The goal is a clean copy of all the data below, with pictures dropped and everything else retyped exactly.

Exercise data section start

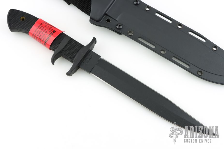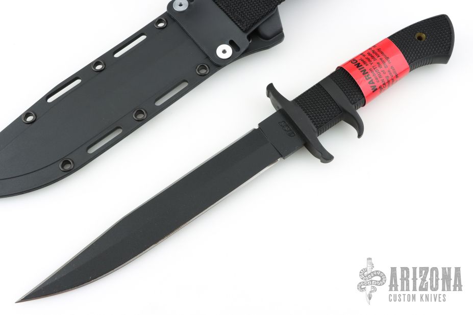 This OSS by Cold Steel features a black double edged blade, .194" blade stock and 1.188" blade depth, hidden tang construction with a rubber handle. Comes with a molded plastic sheath and original box. Excellent condition. Still has the red warning label on the handle.
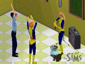 Pic of the game: Dazzler Jr dazzles her audience with the guitar. DJ's Day (The Sims)Dazzler Jr shook her head in disbelief. Chian trying to play the new electric guitar? Chian? "No fun" Chian, "Always flush and wash your hands" Chian, the girl they all called Grandmother even though she was just half a year older than Glassy and Scowler ... and she had the temerity to touch a noble instrument such as that? Dazzler Jr's heart went out to the poor guitar, to be violated like that. Better it had stayed in the shop than be dragged into Itland's School for Gifted Simsters and played like that. Quickly she made her way to the scene of crime, where a couple other onlookers already stared in shocked disgust. "Prrrblppppt!" said Guyana, which was nothing but the truth. Not that the carrottop tomboy could have done any better, Dazzler Jr reflected. ***Since the day she came to the School, a good week ago now, Dazzler Jr had found herself increasingly lonely among the small group of students. She felt different. First off, she was the only one who wore a mask. What's the point of being Special if you can't wear a mask and cool threads? Well, Glassy always wore his glasses, even to bed. Rumor had it that he even wore them in the shower; but when she had tried to find out, he had become quite angry and cursed her away. She thought he sounded like an angry duck, actually, but she did not say so. He was after all the closest she could come to someone like herself. Even if it was only glasses. The others also reacted in the same strange way. When they looked a bit down and she tried to juggle for them, they raspberried her and turned their back. And when she tried to tickle them, they cursed out loud and shoved her away! Even Roberto, who she had expected better from, barked at her when she tried to give him a little backrub. What burr was up the pants of all these people? She had tried to talk with them, but they always talked about strange and boring things, like money and crime and stuff. And they were out all day, or sometimes night, doing stuff with the military or with labs or other government stuff. Glassy was working with a hospital, Light knows what his Gift was. He never talked about it. So she was sometimes all alone here, finding out new and exciting meals - at least they ate her food - and finishing their pathetic attempts at painting. Painting was fun. She could lose herself in it for hours, not noticing anything until the painting was finished. ***"Well, could any of you do it better?" asked Chian in a challenging tone. "I'd like to think so" replied Dazzler Jr before she knew she had opened her mouth. They all turned to her, giving her that look again. But she held firm. "Well, it's all yours." Chian put the guitar down and stepped away from it. Mechanically, the golden-haired masked girl walked up and took it. She thought she could feel ... something, even as she touched the slick surface, even before her fingers touched the strings and the first sound came. And she knew it, as soon as she heard the first chord. It all came back to her. The toy xylophone that she had got as a present from her aunt, the one her parents burned because "the devil was in the music". The secret pleasures of playing the panflute of the neighbor girl, until her parents found out. The boy with his face full of acne, who had taught her to play the guitar, until he tried to play with something else and she had run away screaming. The music within her rose to meet the vibrations from the huge bass loudspeaker. And suddenly she knew why the mysterious Founder had chosen her to attend the School for Gifted Youngsters. She knew her Gift, and it knew her. The faces of the small group in front of her changed, first to absolute surprise. Her fingers seemed to move on their own, weaving harmonies that she had never heard before. The faces changed to childlike delight and excitement. Whispered words of admiration. Some of them started to move to the music. Suddenly everyone in or near the house seemed to flock to the corner where she stood. She did not mind. She could feel the energy flowing, she lost herself in the music ... ***Glassy touched her arm lightly, and she stopped playing and looked at him. "Uhm, DJ? We just got fined §500 for keeping the neighbors awake long past midnight. Not that it wasn't worth it, and the policewoman took her time too. But I think we should stop now." She put the guitar down, and suddenly felt how dead tired she was, hardly able to stand on her feet. The others were dispersing, most of them to the sleeping hall. She could need that herself - but was there food on the table? She always tried to keep some food there, or the poor guys would have to live off snacks. Well, Guyana made meals too, but they were not very good. She took a few steps and stretched. Light, she was stiff. Suddenly she heard Glassy's voice behind her, surprisingly low and shy for the leader type he really was. "DJ? You look like you could really need a backrub." She turned her head and smiled. "I guess I could", she said. (Based on a series of events at my School for Gifted Simsters. Playing an instrument, especially the guitar from Living Large, can really get people to like you, if you're good. The longer they listen, the more friendly they will feel.) |
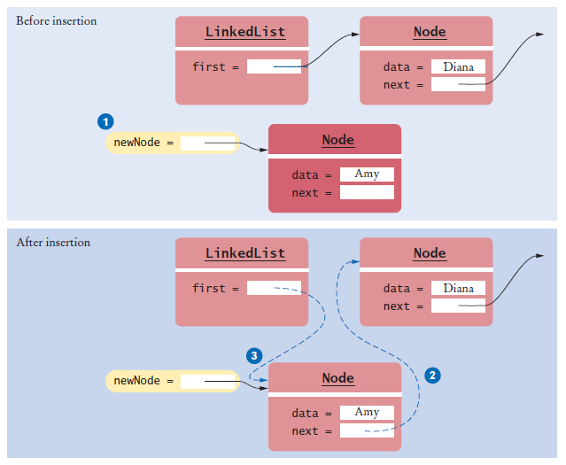 public void addFirst(Object element) { Node newNode = new Node(); newNode.data = element; newNode.next = first; first = newNode; }

Exercise data section end

Task solution =
 This OSS by Cold Steel features a black double edged blade, .194" blade stock and 1.188" blade depth, hidden tang construction with a rubber handle. Comes with a molded plastic sheath and original box. Excellent condition. Still has the red warning label on the handle.
 Pic of the game: Dazzler Jr dazzles her audience with the guitar. DJ's Day (The Sims)Dazzler Jr shook her head in disbelief. Chian trying to play the new electric guitar? Chian? "No fun" Chian, "Always flush and wash your hands" Chian, the girl they all called Grandmother even though she was just half a year older than Glassy and Scowler ... and she had the temerity to touch a noble instrument such as that? Dazzler Jr's heart went out to the poor guitar, to be violated like that. Better it had stayed in the shop than be dragged into Itland's School for Gifted Simsters and played like that. Quickly she made her way to the scene of crime, where a couple other onlookers already stared in shocked disgust. "Prrrblppppt!" said Guyana, which was nothing but the truth. Not that the carrottop tomboy could have done any better, Dazzler Jr reflected. ***Since the day she came to the School, a good week ago now, Dazzler Jr had found herself increasingly lonely among the small group of students. She felt different. First off, she was the only one who wore a mask. What's the point of being Special if you can't wear a mask and cool threads? Well, Glassy always wore his glasses, even to bed. Rumor had it that he even wore them in the shower; but when she had tried to find out, he had become quite angry and cursed her away. She thought he sounded like an angry duck, actually, but she did not say so. He was after all the closest she could come to someone like herself. Even if it was only glasses. The others also reacted in the same strange way. When they looked a bit down and she tried to juggle for them, they raspberried her and turned their back. And when she tried to tickle them, they cursed out loud and shoved her away! Even Roberto, who she had expected better from, barked at her when she tried to give him a little backrub. What burr was up the pants of all these people? She had tried to talk with them, but they always talked about strange and boring things, like money and crime and stuff. And they were out all day, or sometimes night, doing stuff with the military or with labs or other government stuff. Glassy was working with a hospital, Light knows what his Gift was. He never talked about it. So she was sometimes all alone here, finding out new and exciting meals - at least they ate her food - and finishing their pathetic attempts at painting. Painting was fun. She could lose herself in it for hours, not noticing anything until the painting was finished. ***"Well, could any of you do it better?" asked Chian in a challenging tone. "I'd like to think so" replied Dazzler Jr before she knew she had opened her mouth. They all turned to her, giving her that look again. But she held firm. "Well, it's all yours." Chian put the guitar down and stepped away from it. Mechanically, the golden-haired masked girl walked up and took it. She thought she could feel ... something, even as she touched the slick surface, even before her fingers touched the strings and the first sound came. And she knew it, as soon as she heard the first chord. It all came back to her. The toy xylophone that she had got as a present from her aunt, the one her parents burned because "the devil was in the music". The secret pleasures of playing the panflute of the neighbor girl, until her parents found out. The boy with his face full of acne, who had taught her to play the guitar, until he tried to play with something else and she had run away screaming. The music within her rose to meet the vibrations from the huge bass loudspeaker. And suddenly she knew why the mysterious Founder had chosen her to attend the School for Gifted Youngsters. She knew her Gift, and it knew her. The faces of the small group in front of her changed, first to absolute surprise. Her fingers seemed to move on their own, weaving harmonies that she had never heard before. The faces changed to childlike delight and excitement. Whispered words of admiration. Some of them started to move to the music. Suddenly everyone in or near the house seemed to flock to the corner where she stood. She did not mind. She could feel the energy flowing, she lost herself in the music ... ***Glassy touched her arm lightly, and she stopped playing and looked at him. "Uhm, DJ? We just got fined §500 for keeping the neighbors awake long past midnight. Not that it wasn't worth it, and the policewoman took her time too. But I think we should stop now." She put the guitar down, and suddenly felt how dead tired she was, hardly able to stand on her feet. The others were dispersing, most of them to the sleeping hall. She could need that herself - but was there food on the table? She always tried to keep some food there, or the poor guys would have to live off snacks. Well, Guyana made meals too, but they were not very good. She took a few steps and stretched. Light, she was stiff. Suddenly she heard Glassy's voice behind her, surprisingly low and shy for the leader type he really was. "DJ? You look like you could really need a backrub." She turned her head and smiled. "I guess I could", she said. (Based on a series of events at my School for Gifted Simsters. Playing an instrument, especially the guitar from Living Large, can really get people to like you, if you're good. The longer they listen, the more friendly they will feel.) |
 public void addFirst(Object element) { Node newNode = new Node(); newNode.data = element; newNode.next = first; first = newNode; }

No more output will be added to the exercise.